体よりも心の方が、何倍も傷付けられている。自分を否定されたと感じる時が、最も苦しくて、寂しい。宇垣智秀には、彼女の気持ちがわかる。父親に否定されるたびに、やるせない気持ちになる。
だから、あの画鋲を仕組んだ犯人の目的は、ほぼ達成されているはずだ。真純に精神的な苦痛を与えるには、あれだけで充分だったのだから。
智秀はパイプ椅子を離れ、真純の前で中腰になる。
「赤崎さん」
いつかのように、ハンドタオルで彼女の涙を拭う。
嗚咽とともに、小さい肩が震えている。彼女は両手を握り拳にして、スカートの膝上に置いていた。
「誰も、赤崎さんのことを邪魔だなんて思ってないよ」
「うそ……だって、みんな、わたしのこと、無視するんだよ」
とぎれとぎれに答えが返ってくる。
彼女の頬にタオルを当てながら、言う。
「それは、きっと、みんなが周りの人を気にしているせいだよ。みんなと同じようにしてれば、浮かないから、安心できるんだよ。僕も、ちょっと前までそうだったから、わかるんだ」
誰も止めないから、自分も止めない。
そうすることでクラスメートたちとの一体感を感じ続けて、安心していた。なぜあの時、宇垣智秀は群れを飛び出せなかったのか。今ならわかる。倫理や道徳よりも、多数派の意思に身を預けていたほうが楽だったからだ。

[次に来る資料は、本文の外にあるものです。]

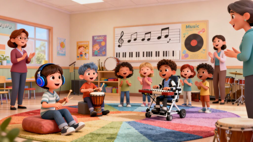 A música também é uma ferramenta extremamente valiosa em contextos de inclusão. Crianças com diferentes perfis de desenvolvimento – como aquelas com TEA, TDAH, deficiências intelectuais ou motoras – podem se beneficiar muito de atividades musicais adaptadas.

「みんなも、本当は赤崎さんのことを気にしてるんだよ。ただ、それを表に出すと、周りと違うことになる。それが嫌だから、みんな赤崎さんを無視しているんだ。だから、誰も赤崎さんのことを邪魔だなんて思ってない」
そう、確信していた。
真純が泣いたままの瞳で、見返してくる。そこには疑惑の色が表れていた。本当にそんなふうにみんなが考えているのか、という疑惑。
智秀は優しく、そんな真純に諭すように言う。
「嘘っぽく聞こえるかもしれないけど、僕の言うことを、信じて欲しい。――僕もみんなと同じように、赤崎さんを無視してた。けど、今はこうして赤崎さんと話せている。みんなだって、キッカケがあれば、僕みたいに一歩を踏み出せるはずなんだ」
青樹叶が背中を押してくれたから、クラスメートの輪から飛び出して、赤崎真純の味方になったように。他の生徒だって、自分の心に正直に動くことができるはずだ。
「だから、赤崎さんには信じて欲しい。僕のことも、クラスのみんなのことも」
向けられる濡れた瞳を、しっかり受け止める。
しばらく見つめ合っていると、真純はひと言だけ小さく「うん」と、喉を鳴らしたように応えてくれた。そしてまた一筋、涙がこぼれた。